Как это делалось в Ленинграде. Цензура в годы оттепели, застоя и перестройки - страница 28

стр.

Строго преследовались малейшие отступления от принятого правила, согласно которому текст публикуемой статьи должен точно соответствовать завизированному оригиналу. Вот только один пример. «В Обком КПСС — по поводу публикации статьи, посвященной 3-й годовщине запуска первого советского спутника. Редакция сообщила, что собирается напечатать статью академика Благонравова “Подвиг науки” (в номере от 4 октября), но в опубликованной статье добавились 4 абзаца. Учитывая, что редакция газеты “Ленинградская правда” сознательно встала на путь обмана цензуры, прошу Вас поставить перед Обкомом КПСС вопрос о привлечении редактора газеты Куртынина к партийной ответственности за обман цензуры»[69].
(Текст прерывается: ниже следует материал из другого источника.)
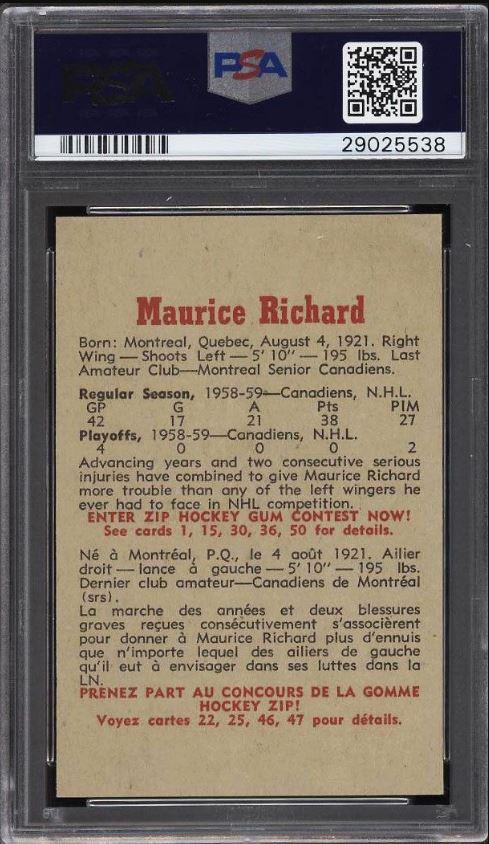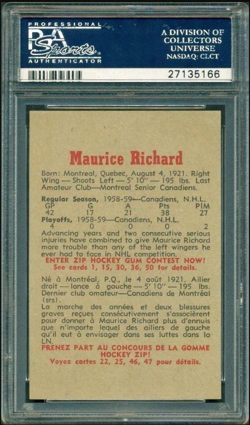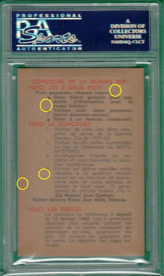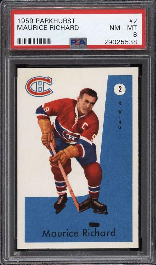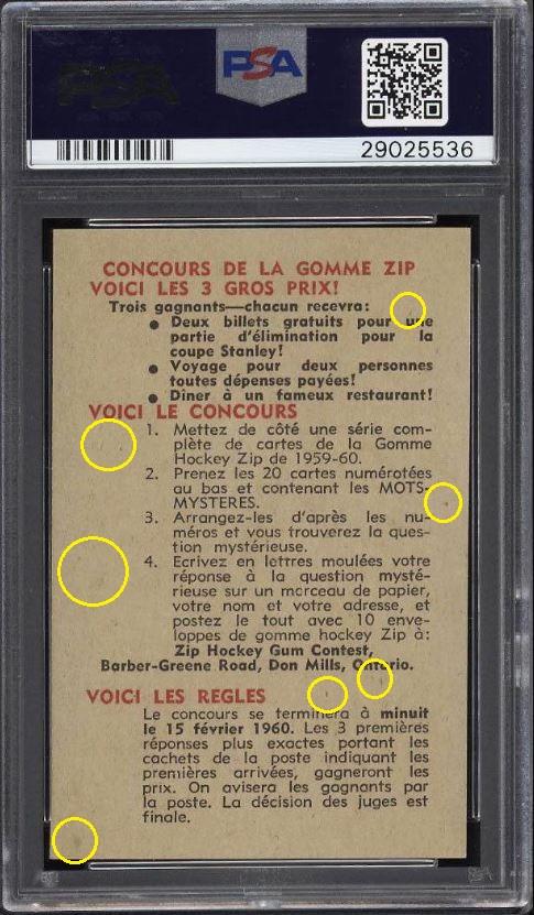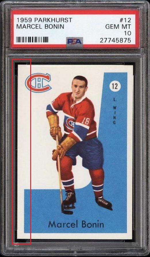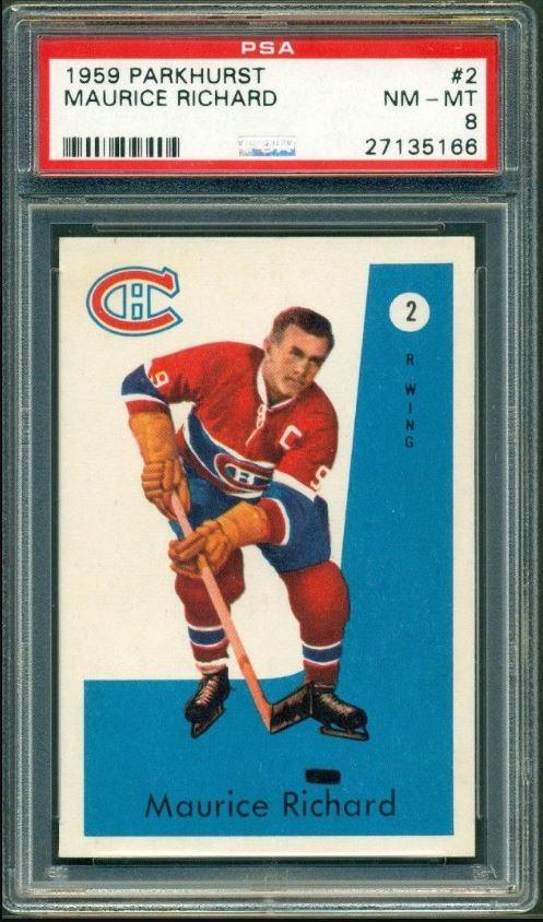 PSA Cert #29025538 1959 Parkhurst Maurice Richard #2 Value LOSS of $310.00, although the altered card has since sold for $1,400.00 in March, 2021: ![]() Set Registry: None found This card was purchased by masked Ebay ID e***c (irvinecardco) from Ebay seller can_collect as a PSA 8 for $960.00 on November 05, 2017. Same card was sold by PWCC as a PSA 8 for $650.00 on June 28, 2018. Yellow circles are print, fiber, or chipping identifiers. Red box identifies trimmed right edge. ![]() ![]() ![]() ![]() ![]()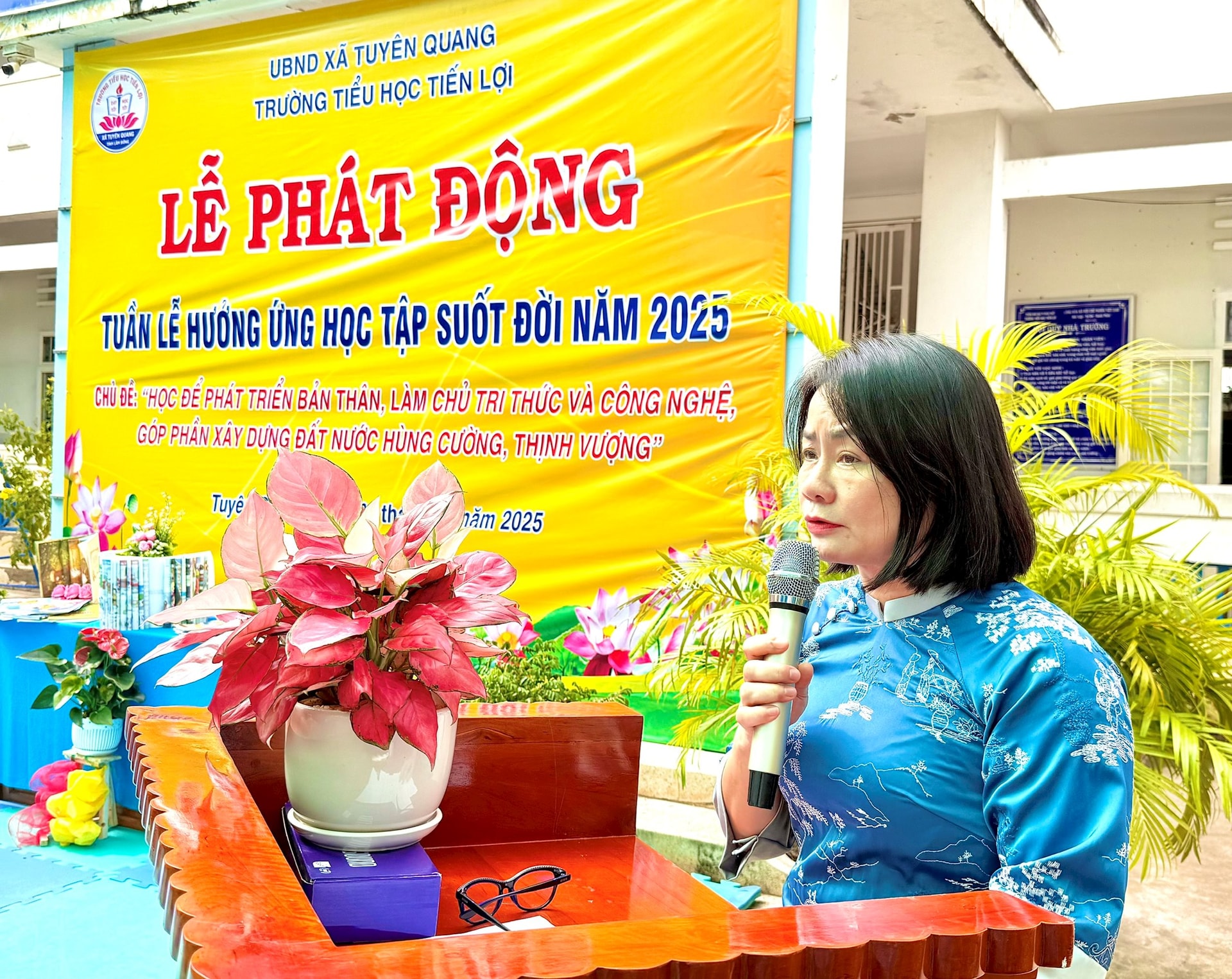 Thể hiện quyết tâm thực hiện tốt nhiệm vụ giáo dục, cô Nguyễn Thị Yến Oanh, Hiệu trưởng Trường Tiểu học Tiến Lợi khẳng định: Sau Lễ phát động Tuần lễ hưởng ứng học tập suốt đời, mỗi thầy cô giáo và học sinh sẽ có thêm động lực để biến tinh thần "Học để phát triển bản thân, làm chủ tri thức và công nghệ, góp phần xây dựng đất nước hùng cường, thịnh vượng" thành hành động cụ thể. Nhà trường đã xây dựng kế hoạch chi tiết với nhiều hoạt động thiết thực như tuyên truyền, giới thiệu sách hay, tổ chức các cuộc thi "Đại sứ văn hóa đọc", "Quyển sách tôi yêu", làm phong phú thêm tủ sách thư viện… Hiệu trưởng kêu gọi toàn thể học sinh tích cực hưởng ứng, tham gia sôi nổi, coi mỗi hoạt động là cơ hội để khám phá tri thức, rèn luyện bản thân và lan tỏa văn hóa đọc đến cộng đồng.

Выборочной последующей проверке подлежали и так называемые «многотиражки» — небольшие ведомственные газеты, выпускавшиеся крупными заводами, фабриками и высшими учебными заведениями. Ответственность за их содержание возлагалась на парторганизации этих учреждений. Время от времени в них обнаруживались те или иные «нарушения» — в основном, ряда параграфов «Перечня секретных сведений». О мелочности и придирчивости надзирателей свидетельствует «Справка о фактах небрежности журналистов», подготовленная в 1965 г. Вот наиболее красочные примеры. В одной из заметок, напечатанной в газете фабрики «Веретено», обнаружено такое «сомнительное» место: «В производстве осваивается объемная пряжа. Из объемной пряжи революционно-красного цвета шьют дамские кофты». Такое же «кощунство» и насмешку над революционными святынями допустил автор газеты «За культуру торговли», начавший свою статью так: «Есть ли в городе кабаки? Да, в переулке Ильича». Ни в коем случае нельзя упоминать в газетах нежелательных авторов. Отмечен такой факт: О «задолжнике» библиотеки завода «Красный треугольник» в одноименной газете говорилось: «У Фирсова неплохой вкус: “зачитал” Ницше, Шопенгауэра, Пастернака»[70]. Редакциям всех многотиражек постоянно рекомендовалось усилить требовательность к отбору материала и, естественно, бдительность.

* * *

Множество хлопот доставляло начавшее развиваться в 50-годы телевидение. Помимо официального цензора, приставленного к телестудии (до начала 90-х годов единственной в городе), контролирующие функции выполняли сотрудники, которые официально назывались очень интересно: «сотрудники доэфирного контроля», такие, если слегка переиначить Лермонтова, «вольные сыны доэфира». Политический и идеологический контроль затруднялся на первых порах тем, что передачи часто шли «вживую», и не только трансляции спортивных матчей. Для того чтобы искоренить «политические прорывы», редакции должны были заранее представлять на предварительный контроль предполагаемые к трансляции тексты. Забавную историю рассказал знаменитый кинорежиссер Милош Форман, подвизавшийся в молодости (в 50-е годы) на пражском телевидении. По его словам, все тексты должны были утверждаться цензорами Управления по делам прессы, аналогом нашего Главлита. Для этой цели составлялись соответствующие формы в двух экземплярах: «Копия оставалась у них, и они следили за тем, чтобы все было точно. Дошло до того, что потребовали текст для выступления жонглеров, которые, как известно, производят манипуляции молча. И все-таки они должны были заполнить соответствующую форму. Они вернули мне бумагу, улыбаясь до ушей. Вот что там было написано: “Эй! Ой! Ух! Ух! Ух! Гоп, гоп, гоп!”. Спустя несколько дней оригинал пришел с нужным штампом»[71]. Нечто подобное, видимо, существовало и в отечественной практике, тем более что Советский Союз выступал в этом, как и во многих других отношениях, «законодателем мод» для «стран народной демократии». Что и говорить, — и это не анекдот! — если одно время Ленгорлит требовал от конферансье эстрадных представлений и инспекторов цирковых манежей тексты экспромтов (!), которые они собираются произносить во время представлений.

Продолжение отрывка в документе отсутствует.